Centro Andaluz de Biología del Desarrollo (CABD, UPO-CSIC-JA), Facultad de Ciencias Experimentales (Área de Genética), Universidad Pablo de Olavide, 41013 Sevilla, Spain.
Genes (Basel). 2021 Mar 6;12(3):377. doi: 10.3390/genes12030377.
The current availability of complete genome sequences has allowed knowing that bacterial genomes can bear genes not present in the genome of all the strains from a specific species. So, the genes shared by all the strains comprise the core of the species, but the pangenome can be much greater and usually includes genes appearing in one only strain. Once the pangenome of a species is estimated, other studies can be undertaken to generate new knowledge, such as the study of the evolutionary selection for protein-coding genes. Most of the genes of a pangenome are expected to be subject to purifying selection that assures the conservation of function, especially those in the core group. However, some genes can be subject to selection pressure, such as genes involved in virulence that need to escape to the host immune system, which is more common in the accessory group of the pangenome. We analyzed 180 strains of , a bacterium that colonizes the gastric mucosa of half the world population and presents a low number of genes (around 1500 in a strain and 3000 in the pangenome). After the estimation of the pangenome, the evolutionary selection for each gene has been calculated, and we found that 85% of them are subject to purifying selection and the remaining genes present some grade of selection pressure. As expected, the latter group is enriched with genes encoding for membrane proteins putatively involved in interaction to host tissues. In addition, this group also presents a high number of uncharacterized genes and genes encoding for putative spurious proteins. It suggests that they could be false positives from the gene finders used for identifying them. All these results propose that this kind of analyses can be useful to validate gene predictions and functionally characterize proteins in complete genomes.

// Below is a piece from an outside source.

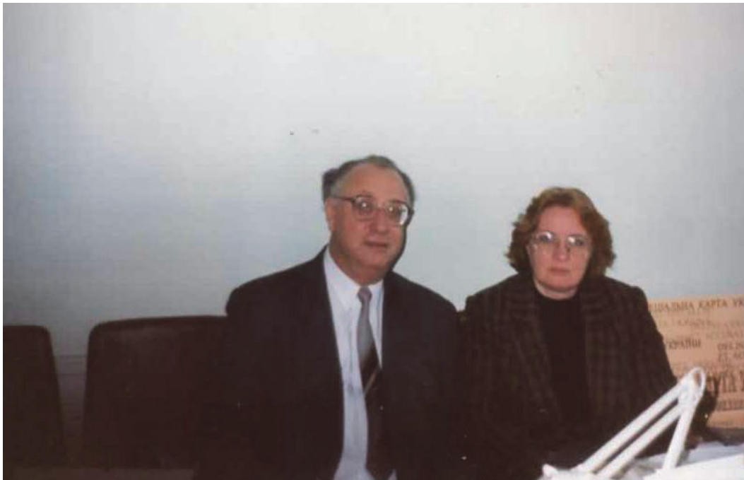
М.С. Слободяник та член-кореспондент НАН України Л.А. Дубровіна
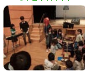
ピタゴラススイッチ

目前,完整基因组序列的可用性使得人们可以了解到,细菌基因组可能带有特定物种所有菌株基因组中不存在的基因。因此,所有菌株共有的基因构成了物种的核心,但泛基因组可能更大,通常包括仅在一个菌株中出现的基因。一旦估计了一个物种的泛基因组,就可以进行其他研究来生成新的知识,例如对蛋白质编码基因进化选择的研究。泛基因组的大多数基因预计会受到纯化选择的影响,以确保功能的保守性,尤其是核心组中的基因。然而,一些基因可能会受到选择压力的影响,例如参与毒力的基因需要逃避宿主免疫系统,这种情况在泛基因组的附加组中更为常见。我们分析了 180 株 ,这种细菌定植在世界上一半人口的胃黏膜上,其基因数量较少(一个菌株约有 1500 个基因,泛基因组中有 3000 个基因)。在估计了泛基因组之后,我们计算了每个基因的进化选择,发现其中 85%受到纯化选择的影响,其余基因则存在一定程度的选择压力。正如预期的那样,后者群体富含编码膜蛋白的基因,这些蛋白可能涉及与宿主组织的相互作用。此外,这个群体还存在大量未被表征的基因和编码假定假蛋白的基因。这表明它们可能是用于识别它们的基因发现者产生的假阳性。所有这些结果表明,这种分析可以用于验证基因预测,并对完整基因组中的蛋白质进行功能表征。